I don't wish people a happy birthday on my birthday. And I don't feel like the awesomeness of my birthday is threatened if a stranger tells to have a NICE DAY instead of a "Happy Birthday."

Ridiculous.

Midwinter.

  • Dec. 20th, 2009 at 11:29 AM
The other night I saw the Big Mess Cabaret at the Trocodaro, the former burlesque house and the only nineteenth century theatre still in operation in the country. Drag queens! Dancing girls! Strip teases! Adaptations of biblical texts! A drunken orchestra! The auctioning off of articles of clothing! There were vaudevillian performers who snuck into the audience by the stage door and cuddled affectionately while they watched the rest of the show. My favourite act may have been the confused old man who rode onto stage and chained his bicycle to the microphone. He led the orchestra in excellent klezmer music on his accordion while still dressed in his helmet and safety vest, and in the course of his exit nearly rode over an actor portraying an old man who stepped onto the stage backwards. (In the past year Philadelphia received two new, wonderful, and controversial bicycle lanes, and two pedestrians who didn't look before stepping into the street were killed by cyclists moving against traffic. All citizens are angry at all other citizens, but, this being the east coast, this is not in any way unusual.) I received the gift of a donut from a drag queen, and, at Linda's orders, a generous supply of gin and tonics from Bernie. That they arrived in plastic cups was no fault of his; I blame the bar staff almost entirely. I accept some responsibility for failing to travel with proper glassware in case of such an emergency.

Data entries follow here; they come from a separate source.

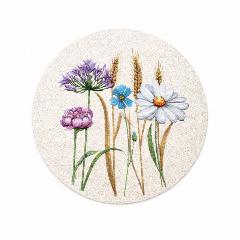 Suport goblen farfurii crem ușor patinat cu flori de câmp.
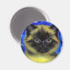Magnet com um gato siamês na pintura de Van Gogh Starry Night! Esta beleza fofa se coloca em frente a um céu azul noturno com lua e estrelas brilhantes. Um presente aconchegante para amantes de gatos e colecionadores de arte holandeses!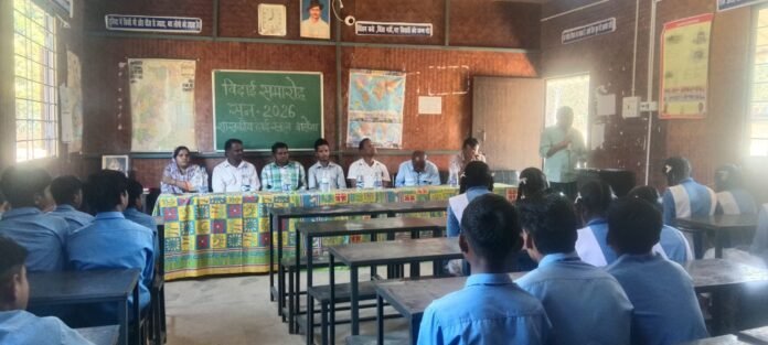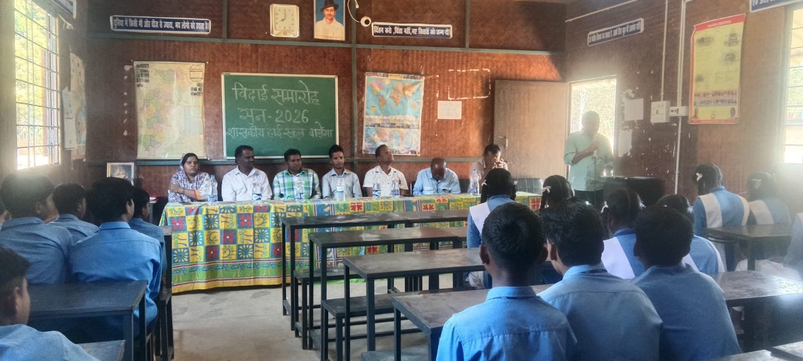 बड़ेराजपुर/बालेंगा~ कोंडागांव जिले के विकासखण्ड बड़ेराजपुर अंतर्गत ग्राम पंचायत बालेंगा स्थित शासकीय हाई स्कूल प्रांगण में मंगलवार 17 फरवरी को कक्षा 9वीं के भाई बहनों के द्वारा कक्षा 10 वीं के विधार्थियों को स्कूल परिसर में भावभीनी विदाई दी गई सर्व प्रथम कार्यक्रम की शुरुआत मां सरस्वती की छायाचित्र पर दीप प्रज्ज्वलित करके शुभारंभ किया गया जिसमें कक्षा 10 वीं के विधार्थियों के द्वारा स्कूल में बिताए गए दिन को साझा किया गया सभी भावुक हुए प्रभारी प्राचार्य रामसिंह खुसार्मे और संस्था के सभी स्टाफ के द्वारा विधार्थियों के लिए उज्ज्वल भविष्य की शुभकामनाएं देते हुए कहा कि आप सभी अच्छे से पढ़ाई करे और अच्छे नम्बरों से पास हो और स्कूल का नाम भी रोशन करें अंत में विधार्थियों ने सामुहिक फोटो भी खिंचवाए इस कार्यक्रम को सफल बनाने में मुख्य अतिथि शिवलाल मरकाम,अध्यक्षता कर रहे अजय नेताम, स्टॉप के प्रभारी प्राचार्य रामसिंह ख़ुर्सामे सर,नाग सर,छबिलाल साहू सर,रूबाब मेम,साहू सर ,कश्यप सर ,रमेश नेताम और हाई स्कूल बालेंगा के सभी छात्र छात्राएं उपस्थित रहें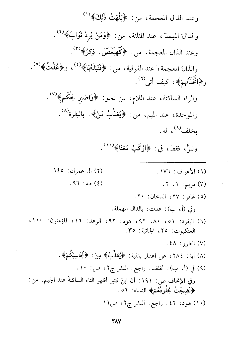 وَعند الذَّال الْمُعْجَمَة، من: {كهيعص. ذكر} .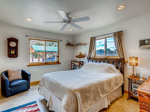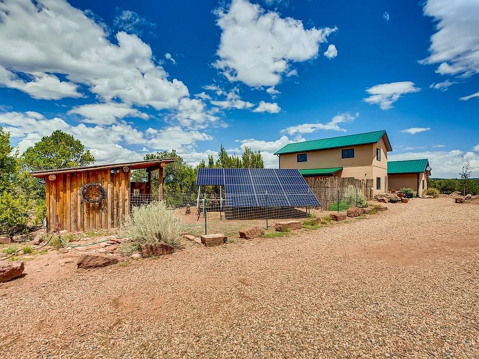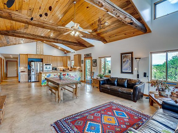 Destination horse property located just outside Historic Ribera offers much for folks seeking privacy and the best of rural living. The built in 2007 inviting two-story home has 3 bedrooms, 3 full baths, open concept living/dining/kitchen, state of the art photovoltaic systems, large deck with views of Rowe Mesa & Sangre de Cristo mountains and landscaped entry. The listing includes 2 legal lots of record, 5 acres for the home and the adjoining 35 acres, 24' X 24' barn with 24' X 12' inside paddock, large carport and the property is fenced & crossed fenced with several smaller paddocks. Additional features include new in 2019 metal roof on the home as well as the barn, Rain water catchment around the house, Fiber optic cable providing fast internet, high efficiency Jotul wood stove, water softener, reverse osmosis, and oversize pressure tank from private well. Also included a large deluxe chicken coop, coyote fenced side yard with doggie door, three seasonal catchment ponds with small spring and large cottonwood trees. Don't miss this very special offering 45 minutes from Santa Fe, 30 minutes from Las Vegas.
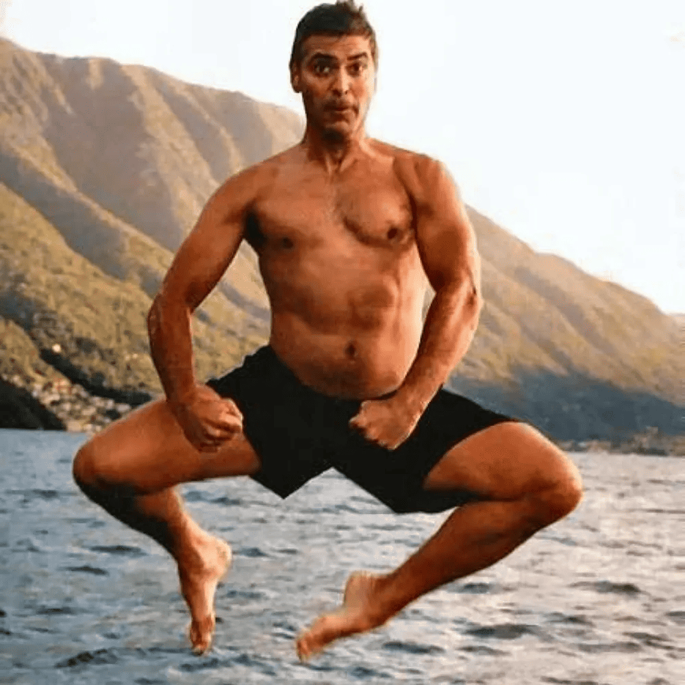 Even in the midst of a mid-air leap into the water, Clooney manages to exude an irresistible appeal that continues to captivate women, complete with a delightfully goofy expression. Perhaps it’s the way his arm muscles flex with grace and strength as he soars through the air or the impeccable precision with which he extends his toes, effortlessly showcasing his poise and athleticism. Despite the inherent awkwardness captured in this particular photograph, there is an undeniable charm emanating from the moment. Clooney’s ability to embrace his playful side, even in the most unconventional of poses, adds to his allure, creating an endearing visual that further solidifies his position as a timeless heartthrob.

And there was a servile young man, his only purpose being to move the microphones and occasionally receive a good spanking on stage, so nearly naked that I can relate with relative certainty that he is uncircumcised, and I could likely draw a fairly reliable map of his genital piercings. I happened to notice him before the show, well dressed with a good set of suspenders. If only everyone I admired stripped for me so readily, and so matched my expectations. Small of stature but surprisingly well hung, please and thank you.

I rode home as I arrived, without helmet, gloves, or a proper winter coat, and barely wearing pants, preferring fishnets and garters with striped socks and boots. The snow started then, and I laughed and howled into the cold, riding late enough that the streets were nearly left to me alone. I've been craving this snow, waiting for it. Four hours later I mounted the bike again in order to get to work, this time a good two inches or so under my tires. Still slightly drunk, I wore aviator goggles to see into the snow. I arrived for my shift feeling boisterous and purposeful. The customers came in droves, fearful and in need of supplies.

We got twenty-two inches, all told. My mood started to lift as soon as I heard of the coming storm. My den is prepared, and I want to stay in it. I want an intrusion of otherworld, everything to be suddenly foreign and difficult and urgent. I want the city to be disrupted and slow, a simultaneous withdrawing and coming together. I'm heading into it again now.

Tags:

I've been scrubbing, rearranging, stripping, and purging. I want to be rid of everything that is unnecessary, plastic, ugly, cheap, and in the way. Is one meant to hoard in the winter? Ought I to be getting fat? I refuse. I want clean surfaces, severed ties, everything put in its place. I want to be able to get down to the business of this season without distraction. I want to tear out my stitches if they do not impress me, even if it leaves me with nought but wasted hours and a pile of tangled string.